From Imperial College London (UK) : “Magma observed taking an unexpected route beneath volcanoes” 

From Imperial College London (UK)

Caroline Brogan

Imperial researchers have observed magma taking an unexpected route beneath volcanoes, shedding light on the processes behind eruptions.

The findings [Science Advances (below)] were based on data from a tectonic plate boundary in the Eastern Caribbean region. The results help us understand what drives the type and rate of volcanic eruptions, as well as the make-up of erupted magma. They could also help us understand why some volcanoes are more active than others, and why volcanic activity changes over time.

Fig. 1. Seismotectonic context of the Lesser Antilles arc, with S-wave ray-path coverage and path-averaged t*S results.
The red box on the inset map shows the extent of the main map. Island names are labeled in italic; tectonic features are in bold. Ray-paths in the map (top) and cross-sectional view (bottom) are traced in a three-dimensional (3D) velocity model (42), with ray-path colors showing the path-averaged attenuation operator (t*pathave). Orange paths have strong attenuation; green paths have weak attenuation. The orientation of the 2D model spanning the northern LAA shown in Fig. 2 is given by the red dashed line labeled X-X′. On the cross-sectional view, representative 8-s-long S waveforms on thetransverse component are given for back-arc ray-paths (orange) and a fore-arc path (green) from the same intraslab earthquake at 180 km in depth (details in fig. S1).

When two huge tectonic plates collide, one plate can sink, or subduct, beneath the other, plunging into Earth’s mantle to release water and melt.

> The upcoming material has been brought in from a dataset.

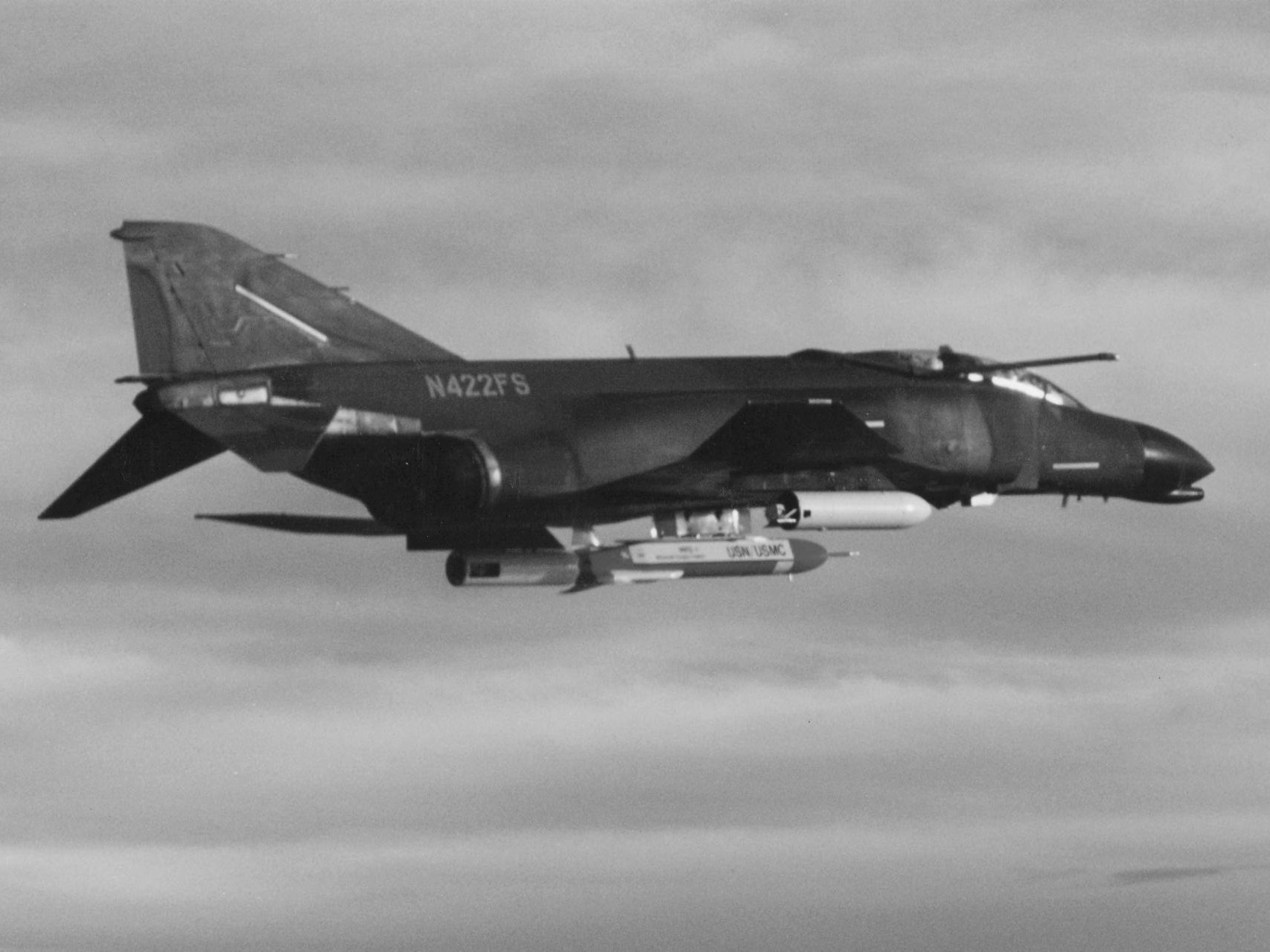 Ένα McDonnell F-4C Phantom II (USAF s/n 63-7564) σε πτήση κοντά στον U.S. Navy Naval Air Weapons Station China Lake, στην Καλιφόρνια (ΗΠΑ). Φέρει το AIWS (Aircraft Advanced Interdiction Weapon System» που αναπτύχθηκε από τις εταιρείες McDonnell Douglas και Hughes.

As the plates rub together and the melted material rises to form magma, these subduction zones are responsible for some of Earth’s most hazardous earthquakes and explosive volcanic eruptions.

However, it remains poorly understood how magma forms underground and what controls the exact position of volcanoes on top of the overlying plate.

Now, a new study published in Science Advances [below] shows how rising magma, which eventually erupts, does not always take the shortest, most direct path available to reach volcanoes at the surface.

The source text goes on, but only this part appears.